---------- THE DATA

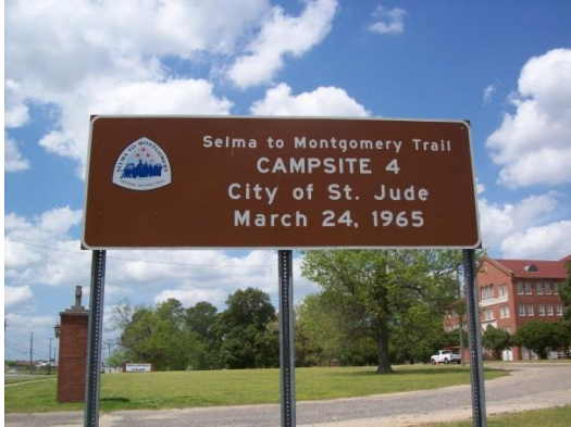
THE SELMA TO MONTGOMERY TRAIL – DESIGNATED AS NATIONAL HISTORIC TRAIL
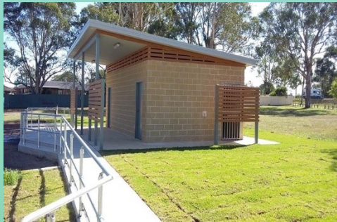
Bargo Accessible Amenities

This work has been completed to improve safety of roads in our Shire.
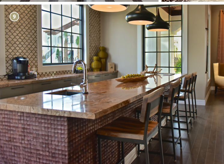
9 The Atlantic Tradition PORT ST. LUCIE, FL Conventional Class A Development
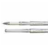
Uni-Ball Pen Signo Gel WHITE UM-153...
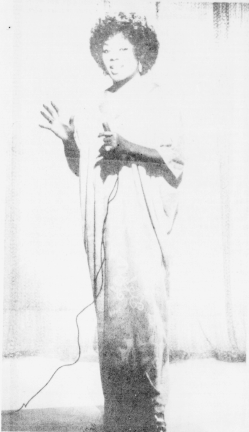
Don't miss Sarah Vaughan at the Civic Auditorium. Patron tickets, at $50, are available through ARTQUAKE (227-2787). Reserved tickets, priced at $9, $8 and $7, may be obtained from the Oregon Symphony Ticket Office, Portland Civic Auditorium Box Office, Meier & Frank, Frederick & Nelson and Stevens & Sons.
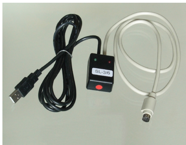
The USB Silverlink 3
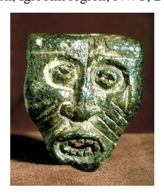
Picture 2: Miniature Mask Soapstone miniature mask, Igloolik region, NWT, Dorset Culture.<sup>49</sup>

The Dorset culture suddenly disappeared and according to oral Inuit history they fled from new comers from northern Alaska, the Thule people. Thule culture began to influence the Canadian Arctic after 1000 AD and reached eastern Greenland by 1200 AD. This culture seems to have been the most uniform of the Eskimoan cultures (covering the entire Arctic of the western hemisphere, including an eastern tip of Siberia) which gave the Eskimos the appearance of homogeneity for a long time. Nevertheless this opinion was revised by the new generation of archeologists and is only true for Thule culture artifacts. <sup>50</sup>
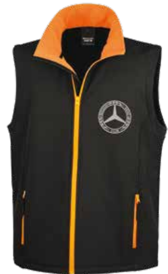
Softshell gilet in a choice of colours £32.00
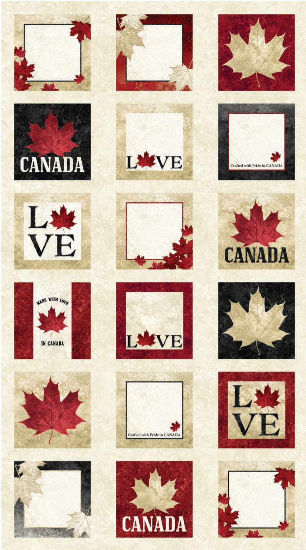
24265-14 | Label Panel | Beige Multi
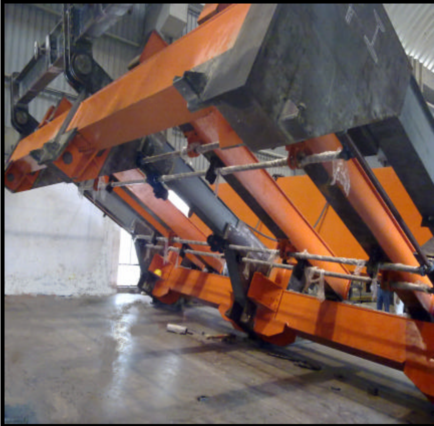
In House Development Of 5 Limb Rocker
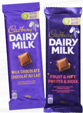
Cadbury Family Bars 100 g
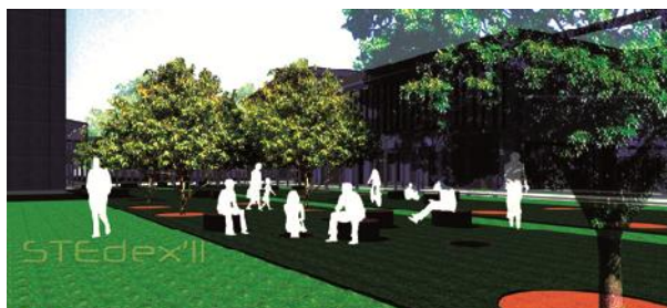
Reinvigorating Urban Community_3
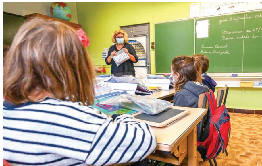
World Teachers' Day is observed every year on 5 October across the globe. It is a day, which celebrates the efforts of teachers, who play an important role in our lives.

The five-day series of events will include panel discussions and online sessions to examine effective policies, evidence and innovative practices to support teachers for successful recovery, build resilience and reimagine education in the post-pandemic world, and advance the fourth Sustainable Development Goal (SDG 4) of inclusive and equitable education. UNESCO/UNICEF/World Bank and OECD survey in July, reveals:
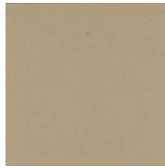
1070 Sandy Buff
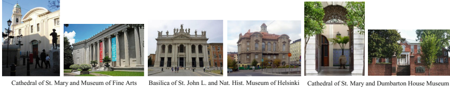
Fig. 3. Results of Listing 6 query

offers. The dataset also opens up a number of other use-cases. For example, one could consider combining the semantic information from DBPEDIA and the visual similarity information of IMGPEIDIA to create a labeled dataset along the lines of IMAGENET 8 , but with variable levels of granularity (e.g., Catholic cathedral, cathedral, religious building, etc.). Another use-case would be to develop a clustering technique for images based both on visual similarity and semantic context. We also believe that IMGPEIDIA can compliment existing research works in the intersection of the Semantic Web and Multimedia, where it could provide a test-bed for works on media fragments [4,8], or on combining SPARQL with multimedia retrieval [5], etc.
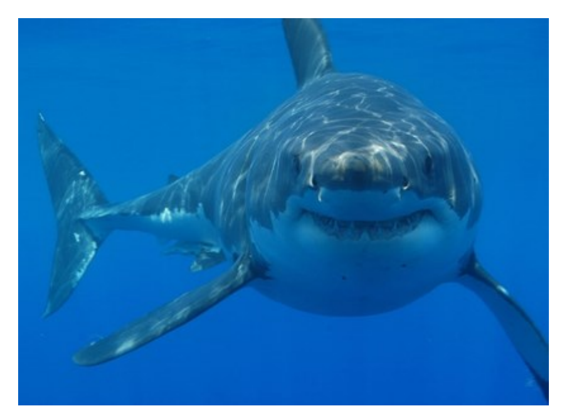
How Does This Animal Deal With Conflict?
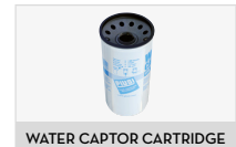
WATER CAPTOR CARTRIDGE

--------------------

▸ WHAT TO WORK ON:
Lines holding the word "Dorset" in the entries above are the ones to pull out. Copy them all.

▸ SOLUTION BELOW:
Picture 2: Miniature Mask Soapstone miniature mask, Igloolik region, NWT, Dorset Culture.<sup>49</sup>
The Dorset culture suddenly disappeared and according to oral Inuit history they fled from new comers from northern Alaska, the Thule people. Thule culture began to influence the Canadian Arctic after 1000 AD and reached eastern Greenland by 1200 AD. This culture seems to have been the most uniform of the Eskimoan cultures (covering the entire Arctic of the western hemisphere, including an eastern tip of Siberia) which gave the Eskimos the appearance of homogeneity for a long time. Nevertheless this opinion was revised by the new generation of archeologists and is only true for Thule culture artifacts. <sup>50</sup>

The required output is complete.